■ MATERIAL FOR THIS TASK:
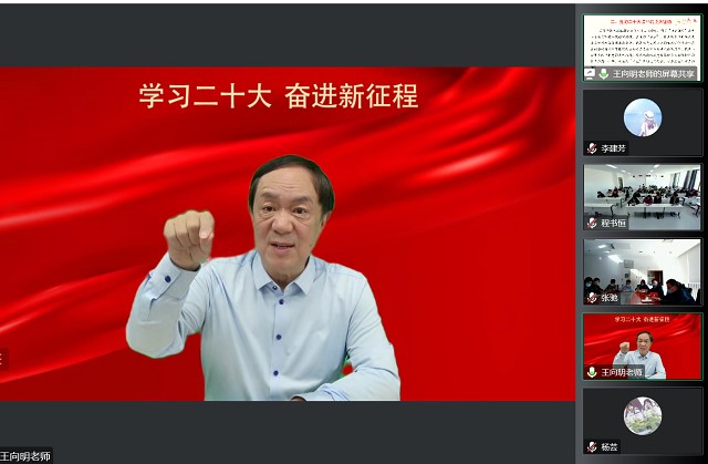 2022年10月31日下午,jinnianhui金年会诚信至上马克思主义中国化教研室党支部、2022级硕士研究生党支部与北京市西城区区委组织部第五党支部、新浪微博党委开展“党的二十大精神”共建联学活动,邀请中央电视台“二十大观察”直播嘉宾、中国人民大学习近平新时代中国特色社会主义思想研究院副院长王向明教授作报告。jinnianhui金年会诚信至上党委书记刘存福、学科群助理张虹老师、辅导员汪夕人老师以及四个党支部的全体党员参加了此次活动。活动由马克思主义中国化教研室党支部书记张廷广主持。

--

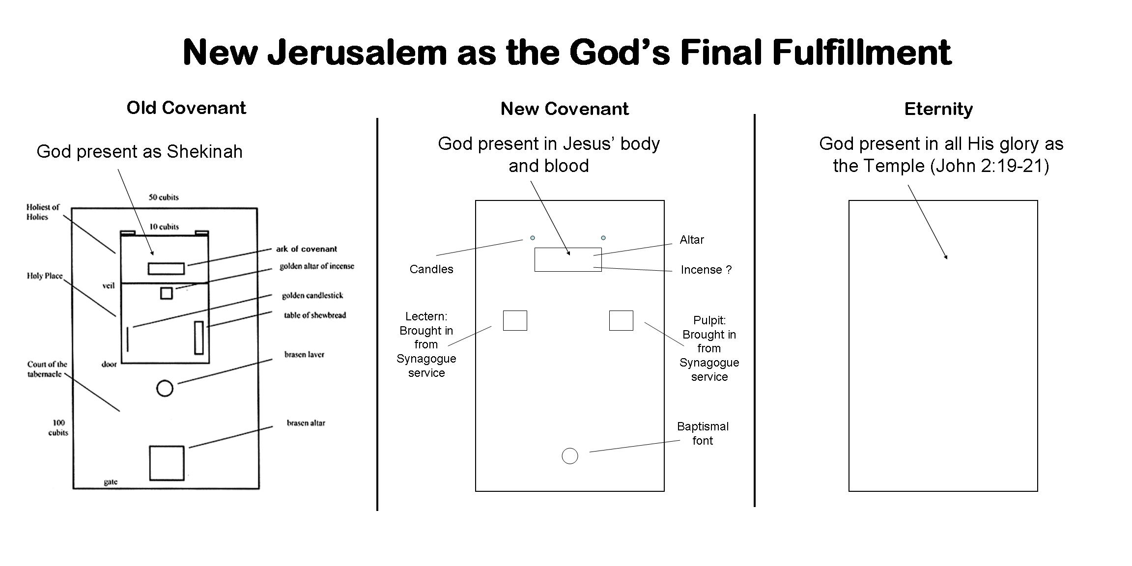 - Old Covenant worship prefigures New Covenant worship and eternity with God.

...

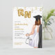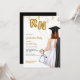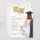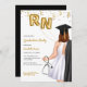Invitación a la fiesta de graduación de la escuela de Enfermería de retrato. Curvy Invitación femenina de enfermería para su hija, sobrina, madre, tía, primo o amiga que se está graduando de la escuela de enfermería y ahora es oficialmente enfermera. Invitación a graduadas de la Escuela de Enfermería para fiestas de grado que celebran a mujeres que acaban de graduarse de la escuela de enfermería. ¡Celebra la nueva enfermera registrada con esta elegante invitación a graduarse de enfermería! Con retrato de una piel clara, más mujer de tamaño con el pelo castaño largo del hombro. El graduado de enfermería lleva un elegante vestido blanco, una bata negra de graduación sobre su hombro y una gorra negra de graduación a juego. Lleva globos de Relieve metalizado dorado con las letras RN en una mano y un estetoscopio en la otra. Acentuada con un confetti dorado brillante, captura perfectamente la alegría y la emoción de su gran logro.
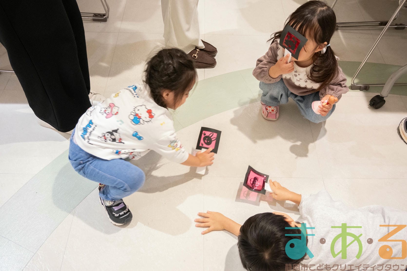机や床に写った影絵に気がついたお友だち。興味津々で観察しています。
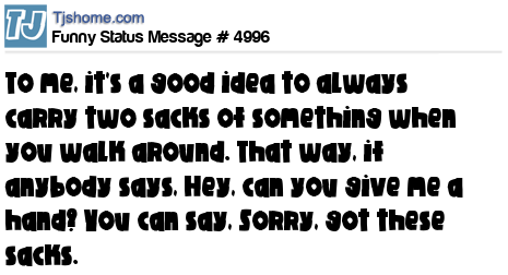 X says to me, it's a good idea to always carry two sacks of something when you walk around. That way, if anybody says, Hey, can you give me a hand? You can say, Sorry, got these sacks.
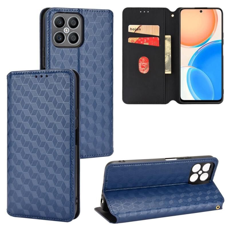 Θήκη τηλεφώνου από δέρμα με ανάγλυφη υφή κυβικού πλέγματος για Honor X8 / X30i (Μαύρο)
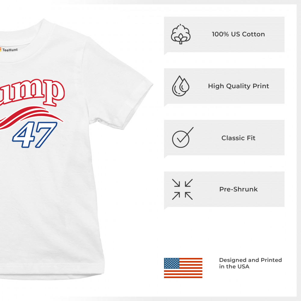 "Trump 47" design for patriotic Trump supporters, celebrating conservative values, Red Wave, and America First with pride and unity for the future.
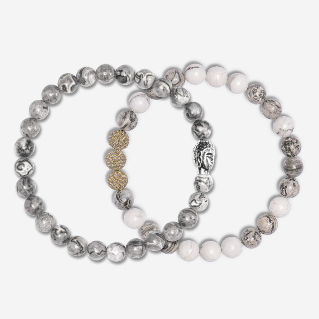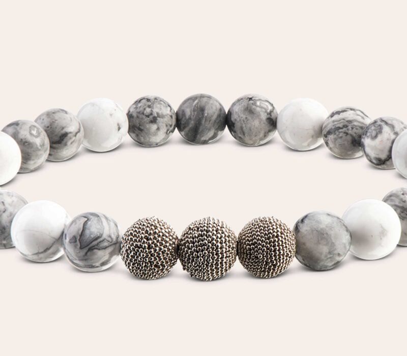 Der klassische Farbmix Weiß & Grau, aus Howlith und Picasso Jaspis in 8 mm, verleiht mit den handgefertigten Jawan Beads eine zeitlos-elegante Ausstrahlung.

■ WORK TO COMPLETE: Transcribe, word for word, the lines of the listing above from the one that contains "for the future." through the one that contains "Der klassische Farbmix", keeping both ends and dropping the pictures.

■ WRITTEN RESPONSE:
 "Trump 47" design for patriotic Trump supporters, celebrating conservative values, Red Wave, and America First with pride and unity for the future.
 Der klassische Farbmix Weiß & Grau, aus Howlith und Picasso Jaspis in 8 mm, verleiht mit den handgefertigten Jawan Beads eine zeitlos-elegante Ausstrahlung.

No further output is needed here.